US offshore oil recovery continues as ports and refineries restart

US offshore oil recovery continues as ports and refineries restart


US Gulf Coast energy companies have got a boost from the reopening of ports and restart of oil refineries shut by Hurricane Ida, but damage to key facilities is still affecting oil production.

The ninth named storm of the 2021 Atlantic hurricane season has cut more US oil and gas production than any of the eight named storms to strike the US Gulf Coast last year. After landfall in Louisiana, Ida raced to the US northeast, causing deadly flooding.

Royal Dutch Shell Plc, the largest US Gulf Coast producer, is still evaluating damage to its West Delta-143 offshore platform, which when operating transfers about 200,000 barrels of oil and gas per day from three offshore oil fields.
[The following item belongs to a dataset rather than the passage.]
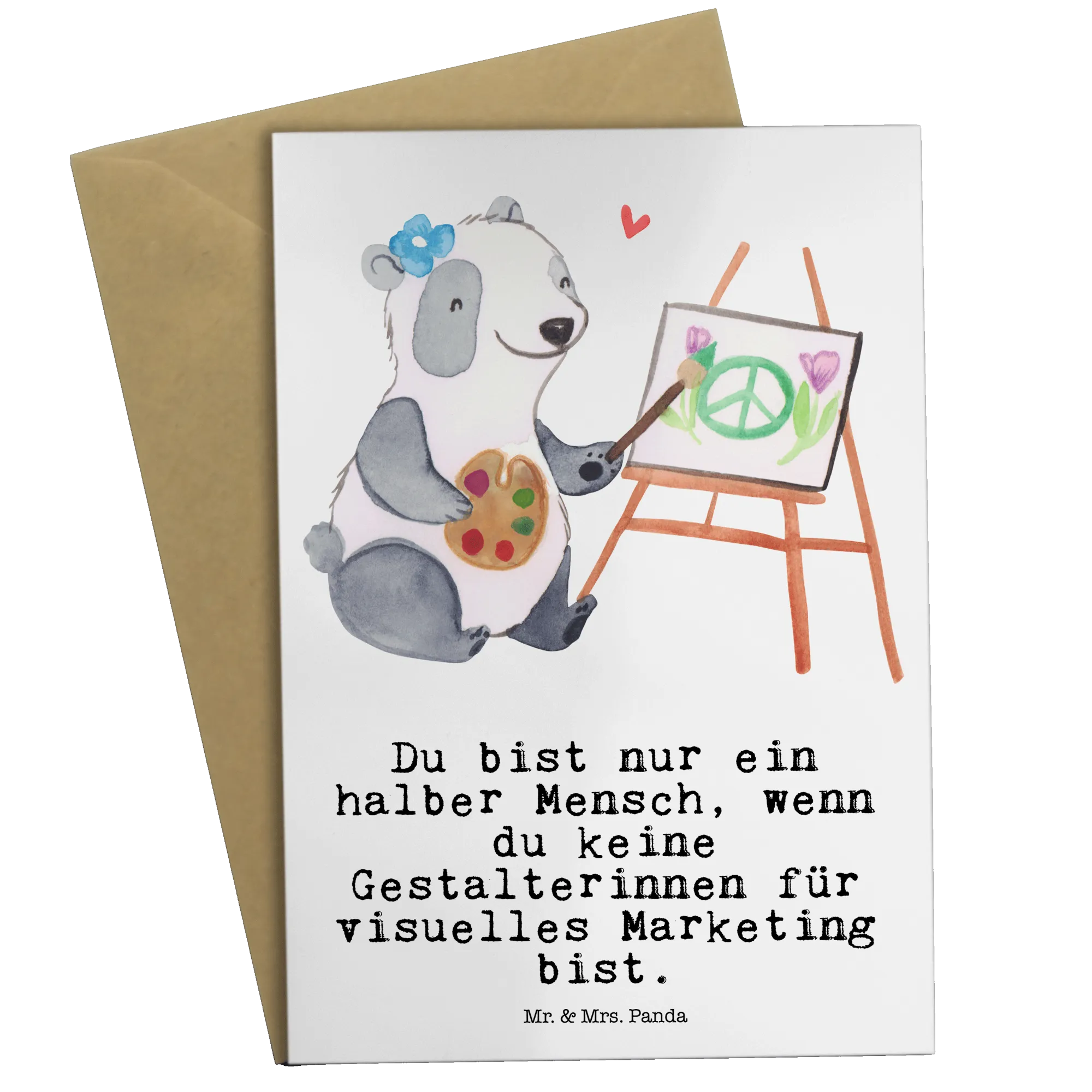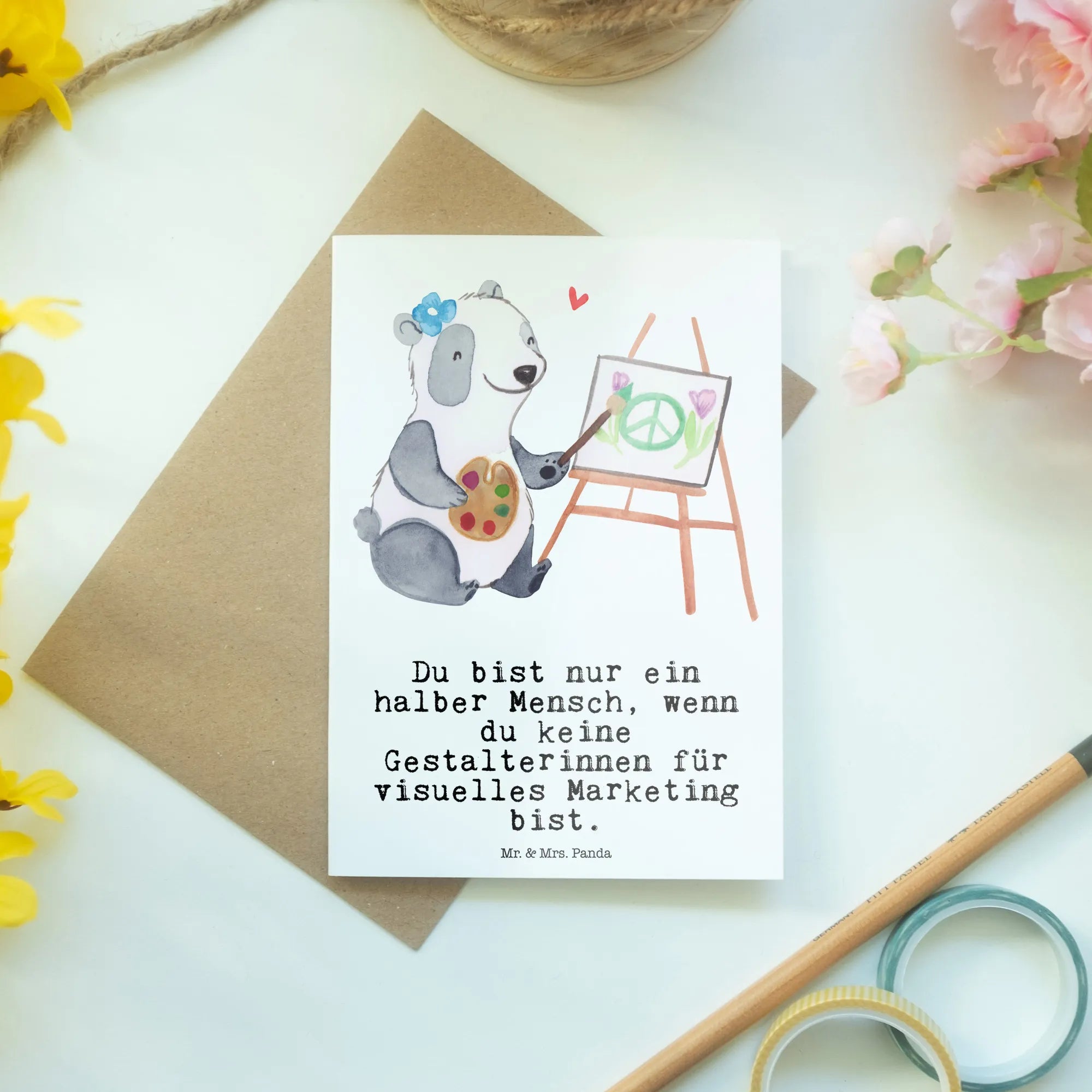 Entdecke die zauberhafte Grußkarte "Gestalterinnen für visuelles Marketing mit Herz" aus der einzigartigen Berufe Kollektion von Mr. & Mrs. Panda! Diese wunderschöne und einzigartige Grußkarte ist das ideale Geschenk für alle kreativen Köpfe, die im Bereich visuelles Marketing tätig sind. Egal, ob Du eine herzliche Nachricht zur Jobbeginn, zur Beförderung oder sogar zum Abschied verschicken möchtest, mit dieser Karte machst Du garantiert alles richtig.

Shell’s work on a replacement heliport needed to ferry offshore continues, Shell said. Damage to its original facility prevented a return of offshore workers to platforms.

Several Louisiana heliports were damaged or without power and access to fuel, slowing crew returns at several major oil producers.

Shell’s 230,611 barrel-per-day (bpd) Norco, Louisiana, oil processing plant also remains knocked out by the storm. The refinery sustained damage and assessments continue on its status and at a Geismar, Louisiana, chemical plant, the company said.

The White House has agreed to provide a combined 1.8 million barrels of crude oil from the nation’s Strategic Petroleum Reserve (SPR) to refiners Exxon Mobil Corp and Placid Refining Company to produce gasoline.

Nine refineries were knocked offline by Ida’s winds and utility power losses. Five, including those owned by Exxon, Placid and Marathon Petroleum Corp could be back online within two weeks, estimated Robert Campbell, head of oil products research at consultancy Energy Aspects.

About 21 percent of offshore platforms remained unoccupied, and 93 percent of oil production and 86 percent of natural gas output were offline, government data showed. Some wells in the Gulf of Mexico, which accounts for about a fifth of US output, could be shut for weeks, analysts said.